▶ _WORK REQUEST_
Go through the listing below and write out exactly the lines from the one that mentions "955.WLB的热门项目,项目上列举了一些 955 或者接近" through the one that mentions "This striking design", minus the pictures.

··· RECORDED INFORMATION

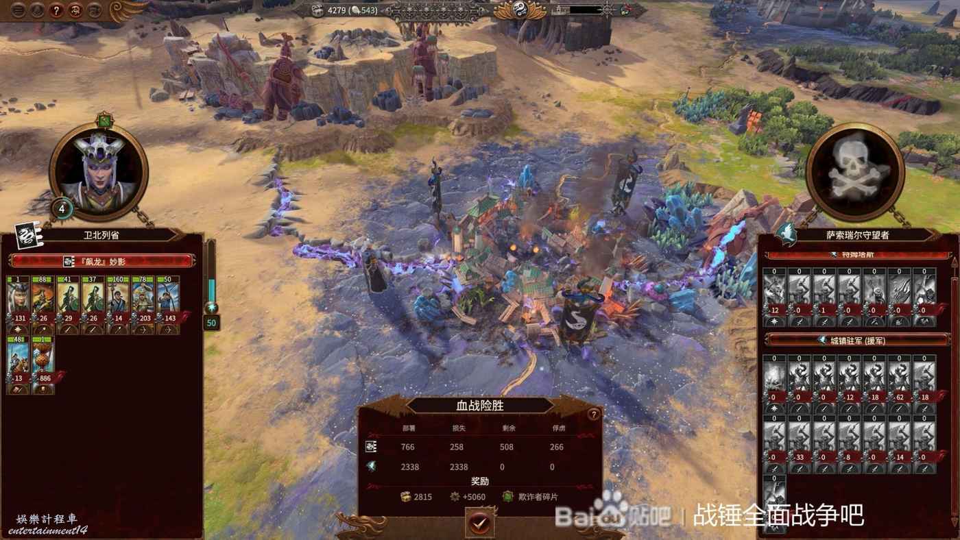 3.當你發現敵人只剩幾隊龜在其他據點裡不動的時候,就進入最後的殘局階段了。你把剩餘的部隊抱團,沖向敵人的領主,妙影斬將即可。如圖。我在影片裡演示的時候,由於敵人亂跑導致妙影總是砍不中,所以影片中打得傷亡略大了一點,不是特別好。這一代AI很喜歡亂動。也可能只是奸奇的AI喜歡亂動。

······
··· RECORDED INFORMATION

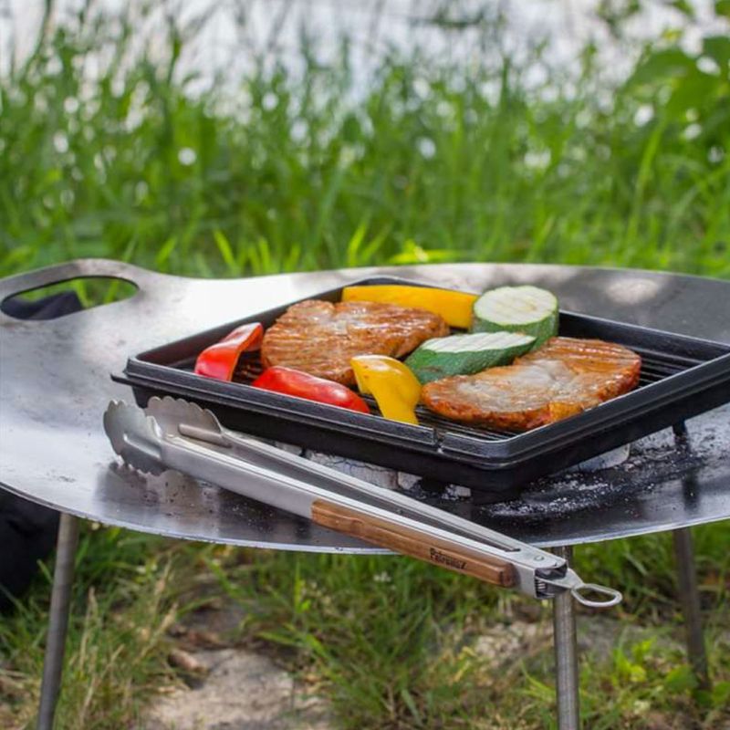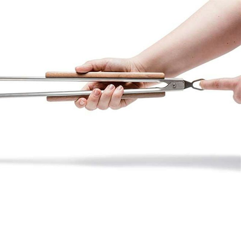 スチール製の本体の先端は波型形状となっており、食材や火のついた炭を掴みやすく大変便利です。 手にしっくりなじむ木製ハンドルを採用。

······
··· RECORDED INFORMATION

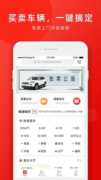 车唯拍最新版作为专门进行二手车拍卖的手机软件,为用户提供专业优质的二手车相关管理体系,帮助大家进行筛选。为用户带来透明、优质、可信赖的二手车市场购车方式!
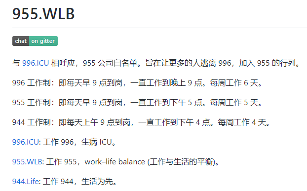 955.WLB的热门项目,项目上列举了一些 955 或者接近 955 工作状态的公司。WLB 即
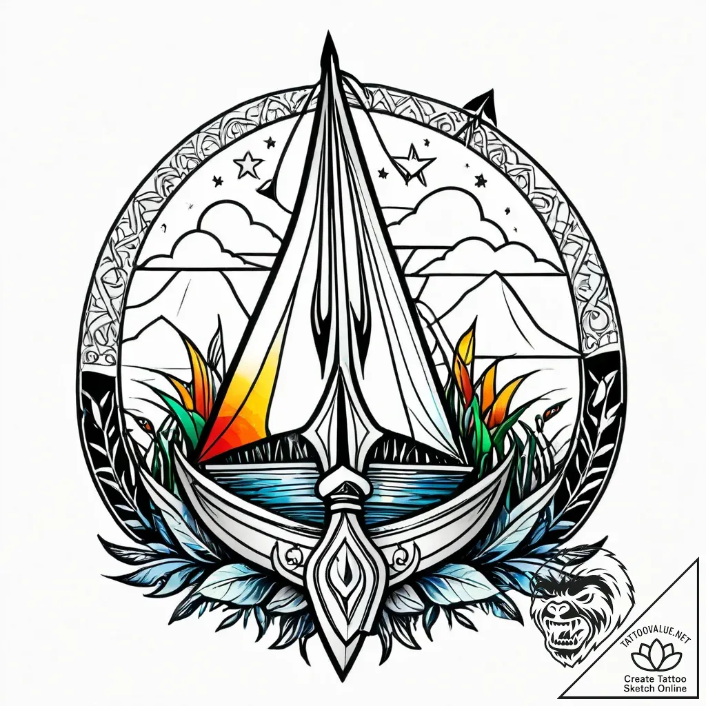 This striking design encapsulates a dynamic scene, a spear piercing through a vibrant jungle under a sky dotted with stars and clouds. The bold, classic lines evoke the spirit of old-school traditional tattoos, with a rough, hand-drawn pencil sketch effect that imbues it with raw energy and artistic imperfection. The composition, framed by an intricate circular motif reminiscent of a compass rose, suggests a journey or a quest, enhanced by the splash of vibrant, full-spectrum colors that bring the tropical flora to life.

······

▶ _EXERCISE ANSWER_
 955.WLB的热门项目,项目上列举了一些 955 或者接近 955 工作状态的公司。WLB 即
 This striking design encapsulates a dynamic scene, a spear piercing through a vibrant jungle under a sky dotted with stars and clouds. The bold, classic lines evoke the spirit of old-school traditional tattoos, with a rough, hand-drawn pencil sketch effect that imbues it with raw energy and artistic imperfection. The composition, framed by an intricate circular motif reminiscent of a compass rose, suggests a journey or a quest, enhanced by the splash of vibrant, full-spectrum colors that bring the tropical flora to life.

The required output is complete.